It is observed from these figures that wear width increased when nose radius increased for different cutting speeds and for both small and large nose radii. Similar results were obtained in previous works conducted by T. M. El-Hossainy et al., Xingzhong, Z. et al. [19,20], which revealed that increasing cutting speed results in increasing temperature, leading to an increase in tool wear. For the same nose radius, wear width increases when cutting speed increases. Wear width variations for large nose radius are more important than those of small radius scale. The increase of nose radius and cutting speed increase tool wear

3.2.5. Influence of Rake Angle and Tool Nose Radius on Tool Wear

Figure 26 and Figure 27 illustrate the variation of tool wear width with nose radius for different rake angles, for small and large nose radius ranges, respectively, showing the interactive influence between rake angle and tool nose radius on flank wear.
From Figure 26 and Figure 27 tool wear width increased when nose radius increased for different rake angles, for both small and large nose radii. For the same small nose radius, wear width increased when rake angle increased from −5° to 5°, but it decreased from rake angle 5° to 10°. For the same large nose radius, wear width increased when rake angle increased. This is due to accumulation of chips near the tool surface, causing increase of machining force, heat generated and consequent increase in tool wear. These results can also be validated by T. M. El-Hossainy et al., Xingzhong, Z. et al. [19,20]. The tool wear width comparison between small and large nose radius showed that there is no significant difference in the results variation.

4. Conclusions

A numerical simulation model, based on the finite element method, was developed for predicting the effects of tool nose radius on cutting temperature, machining stress and tool wear in the orthogonal milling of AISI 1045 steel, using various cutting process parameters. The model was validated using data from literature. From an analysis of the results obtained, the following conclusions were drawn.
  • In general, for all the tested cutting conditions and for the studied range of nose radii (from 0.01 to 0.07 mm, and from 0.3 to 0.9 mm) cutting temperature, stress and tool wear vary approximately linearly with tool nose radius.
  • Tool nose radius was found to influence cutting forces, cutting stress, strain, temperature in the cutting zones and, finally, tool degradation. Tool degradation (wear rate) was high on the tool rake face and at the tool tip in the region where the effective rake angle was the smallest.
  • Interactions between tool nose radius and cutting parameters (speed, feed) affected mostly cutting stress and, slightly, tool wear rate. These interactions did not much influence cutting temperature, that was found to be high when the tool nose radius and/or the cutting speed were high.
  • Maximum temperature was found to take place at the middle of tool-chip contact length and at the interaction of nose radius and flank face of the tool.
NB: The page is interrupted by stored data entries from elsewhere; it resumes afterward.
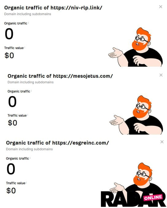 Проверка трафика показывает отсутствие органических посещений домена. Это настолько ленивый развод в исполнении Nivrelop, Mesojetus и Esgreinc, что становится очевидно: никакой реальной торговли здесь не ведётся.
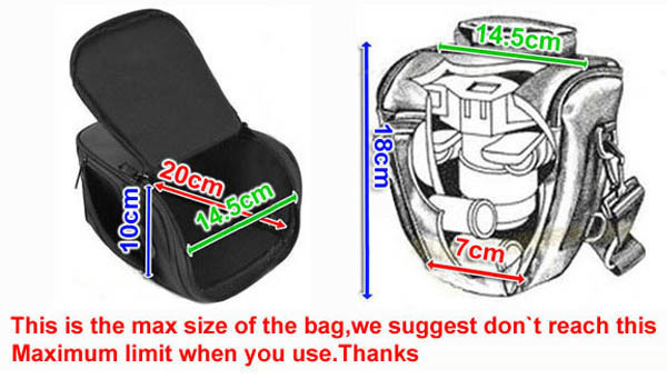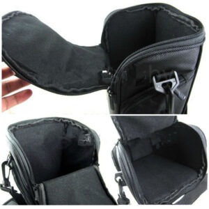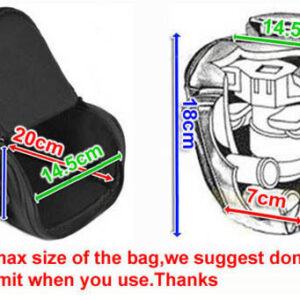 De camera tas is gemaakt van nylon en is geschikt voor een DSLR (Digital Single Lens Reflex camera) of een digitale spiegelreflexcamera. Bescherm je foto camera tegen vuil en regen met deze handige opbergtas. De fototas heeft een verstelbare schouderband en een lus waarmee je de tas aan je broekriem kunt vastmaken, als je dat handig vindt. De binnenkant van de beschermtas is gewatteerd en voelt zacht aan. Het schuim in de tas werkt schok dempend. Een goede bescherming voor de buitenkant van je fotocamera. De tas is in ieder geval geschikt voor Nikon en Canon modellen, maar ook voor andere digitale spiegelreflex of DSLR camera’s. De camera tas beschermt je camera tegen stof en tegen krassen.. Meet je camera op voordat je deze fototas bestelt. Dan weet je zeker of je camera in de beschermtas past.
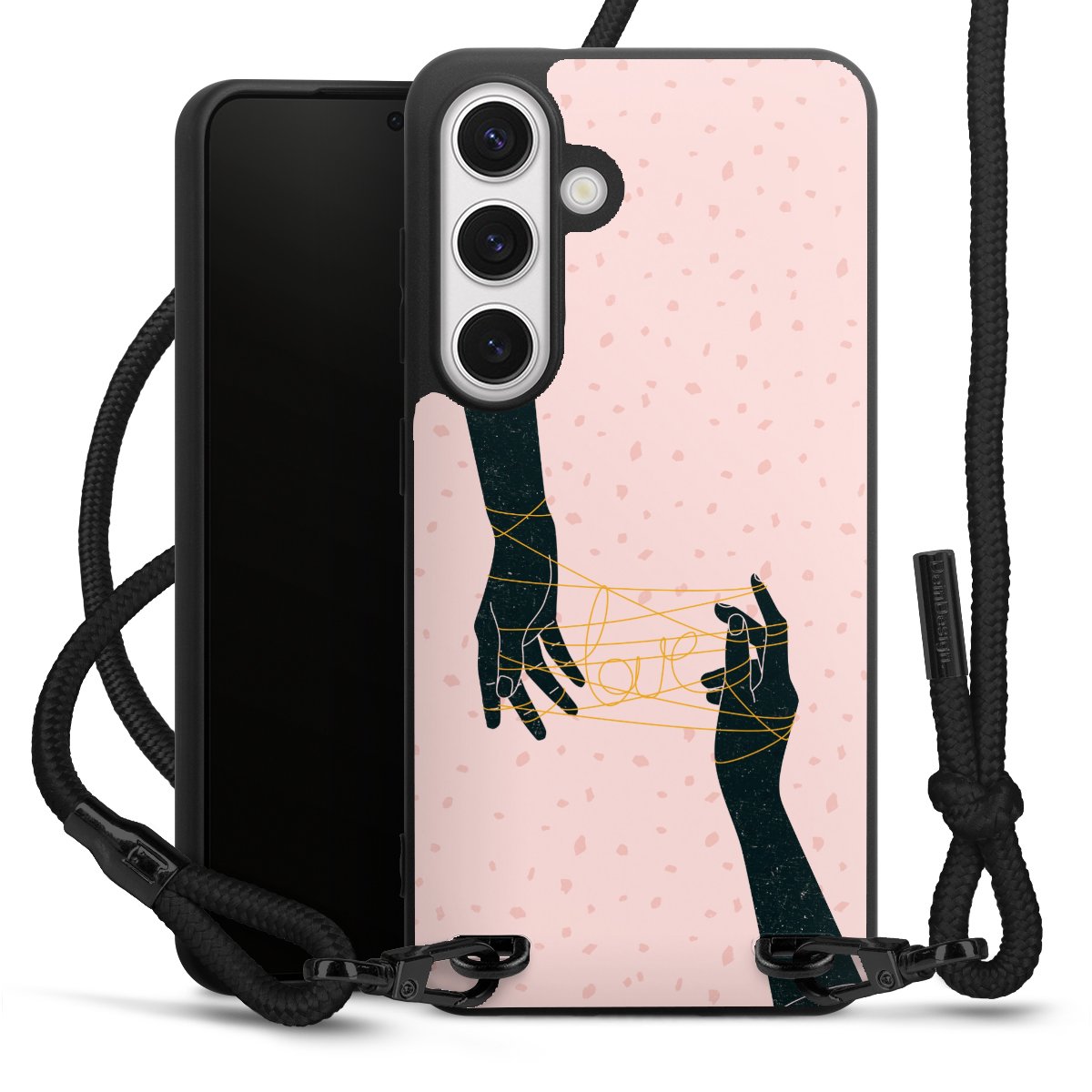 The matt black silicone case is made of flexible TPU (thermoplastic polyurethane) and offers robust protection. The durable, unbreakable material makes the cover flexible and dimensionally stable at the same time. The matte surface makes your design stand out more and is less susceptible to fingerprints and dirt. The stylish trend accessory fits comfortably in the hand and is perfectly complemented by the fabric (polyester) mobile phone strap. The braided fabric strap is approx. 1.70 metres long with a diameter of approx. 0.5 cm. Due to the special knotting technique, the length of the strap can be adjusted by simply pulling it, so that you can adapt it individually to your wishes. The practical case to wear around your neck is available with the fabric strap in black. As a little icing on the cake, we have provided the strap with a chic metal fastener in matt black. The strap is securely fastened to the case with loops made of high-quality genuine leather and press studs. The ends of the fabric strap are covered with metallic end caps and thus protected from fraying.

Except for some fluctuations, there was no significant difference in tool wear rate between small and large nose radius scales.
  • The results obtained from this study and their analysis will permit future research to determine the optimal geometrical parameters for improving machining process characteristics, using appropriate optimisation methods, and to establish cutting empirical formulae that can be useful for machining industrial applications.

Author Contributions

Conceptualization and Methodology, Z.A.M.T. and V.S., Simulation, formal analysis, Writing—Original Draft, Z.A.M.T.; Resources, V.S., Supervision, Writing—Review and editing, V.S. and T.-M.D. and final revision and editing, A.M.S. All authors have read and agreed to the published version of the manuscript.

Funding

This research received no external funding. The APC was funded by Professor Victor Songmene research funds. The authors wish to thank the Ministry of Higher Education and Scientific Research in Libya in collaboration with the Canadian Bureau for International Education (CBIE) for providing the Ph.D. scholarship to the first author (Z.A.M.T.).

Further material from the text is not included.